The exp function in torch and libtorch (https://pytorch.org/docs/stable/generated/torch.exp.html#torch.exp) give incorrect output when run on Jetson devices (tested on Xavier NX and Nano) with dtype=torch.float32.

To Reproduce

test.cpp:

#include <iostream>
#include <torch/script.h> // One-stop header.

int main(int argc, char *argv[])
{
        c10::InferenceMode guard(true); // Note: gives the same result without this.
        auto t = torch::ones({3, 3}, torch::dtype(torch::kFloat32));
        std::cout << "t:\n" << t << "\n";
        std::cout << "t.exp():\n" << t.exp() << "\n";
        return 0;
}

CMakeLists.txt:

cmake_minimum_required(VERSION 3.0 FATAL_ERROR)
project(test)

set(CMAKE_CXX_STANDARD 14)

find_package(Torch REQUIRED
        HINTS "/usr/local/lib/python3.8/dist-packages/torch")

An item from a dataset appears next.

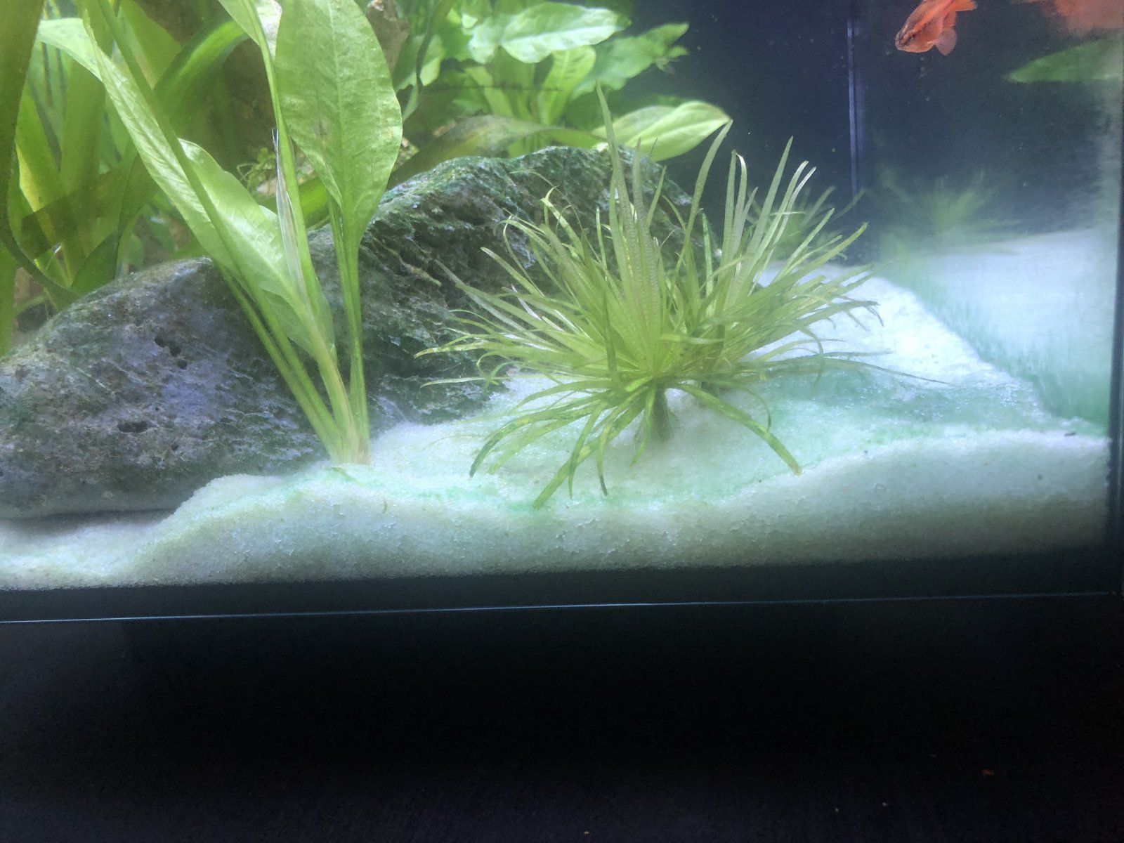 I’ve noticed over the last few weeks the sand in one corner of my tank has started to turn a very bright blue/green colour. It is only in this one specific corner and nowhere else in the tank so I’m wandering what could have caused it. Maybe excessive root tabs?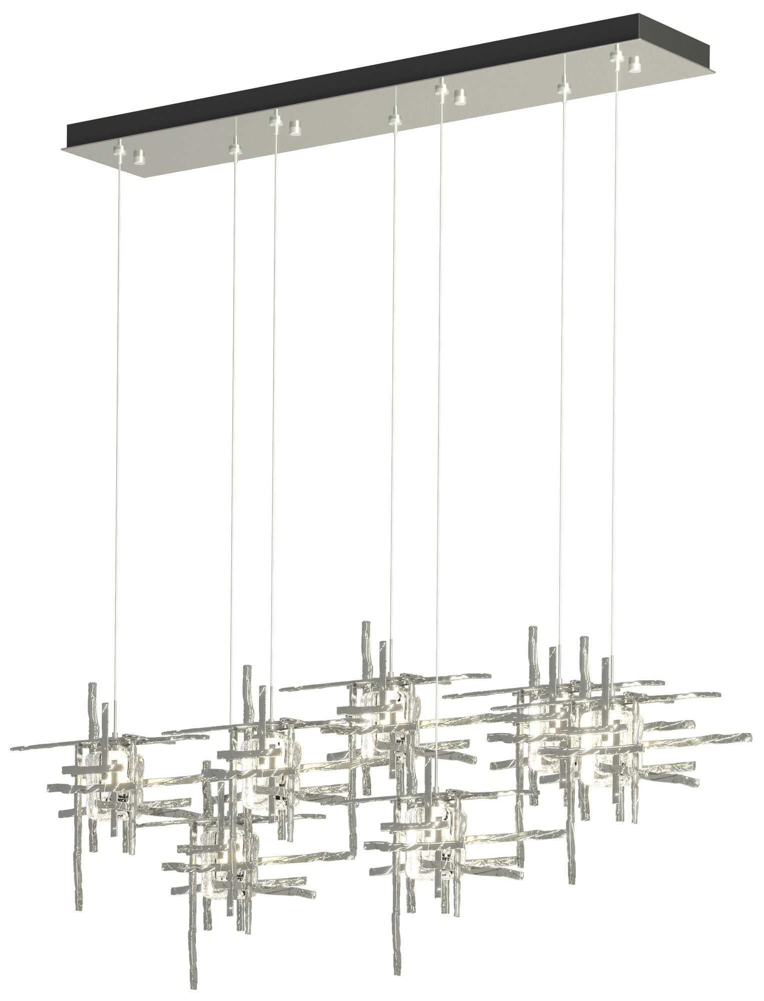 Tura 53.6"W 7-Light Rectangular Sterling Standard Pendant w/ Seeded Sh

add_executable(test test.cpp)
target_link_libraries(test PUBLIC "${TORCH_LIBRARIES}")

Compile and run:

br@NX:~/tmp/test$ Torch_DIR=/usr/local/lib/python3.6/dist-packages/torch cmake -GNinja .
-- Looking for pthread.h
-- Looking for pthread.h - found
-- Performing Test CMAKE_HAVE_LIBC_PTHREAD
-- Performing Test CMAKE_HAVE_LIBC_PTHREAD - Failed
-- Looking for pthread_create in pthreads
-- Looking for pthread_create in pthreads - not found
-- Looking for pthread_create in pthread
-- Looking for pthread_create in pthread - found
-- Found Threads: TRUE  
-- Found CUDA: /usr/local/cuda (found version "10.2") 
-- Caffe2: CUDA detected: 10.2
-- Caffe2: CUDA nvcc is: /usr/local/cuda/bin/nvcc
-- Caffe2: CUDA toolkit directory: /usr/local/cuda
-- Caffe2: Header version is: 10.2
-- Found CUDNN: /usr/lib/aarch64-linux-gnu/libcudnn.so  
-- Found cuDNN: v8.0.0  (include: /usr/include, library: /usr/lib/aarch64-linux-gnu/libcudnn.so)
-- /usr/local/cuda/lib64/libnvrtc.so shorthash is c13e41e1
-- Autodetected CUDA architecture(s):  7.2
-- Added CUDA NVCC flags for: -gencode;arch=compute_72,code=sm_72
CMake Warning at /usr/local/lib/python3.6/dist-packages/torch/share/cmake/Torch/TorchConfig.cmake:22 (message):
  static library kineto_LIBRARY-NOTFOUND not found.
Call Stack (most recent call first):
  /usr/local/lib/python3.6/dist-packages/torch/share/cmake/Torch/TorchConfig.cmake:127 (append_torchlib_if_found)
  CMakeLists.txt:6 (find_package)


-- Found Torch: /usr/local/lib/python3.6/dist-packages/torch/lib/libtorch.so  
-- Configuring done
-- Generating done
-- Build files have been written to: /home/br/tmp/test
br@NX:~/tmp/test$ ninja && ./test
[2/2] Linking CXX executable test
t:
 1  1  1
 1  1  1
 1  1  1
[ CPUFloatType{3,3} ]
t.exp():
 2.7183  1.0000  1.0000
 1.0000  9.4901  9.4901
 9.4901  9.4901  2.7183
[ CPUFloatType{3,3} ]

In python:

br@NX:~/tmp/test$ ipython
Python 3.6.9 (default, Jan 26 2021, 15:33:00) 
Type 'copyright', 'credits' or 'license' for more information
IPython 7.16.1 -- An enhanced Interactive Python. Type '?' for help.

In [1]: import torch

In [2]: t=torch.ones((3,3), dtype=torch.float64); t.exp()
Out[2]: 
tensor([[2.7183, 2.7183, 2.7183],
        [2.7183, 2.7183, 2.7183],
        [2.7183, 2.7183, 2.7183]], dtype=torch.float64)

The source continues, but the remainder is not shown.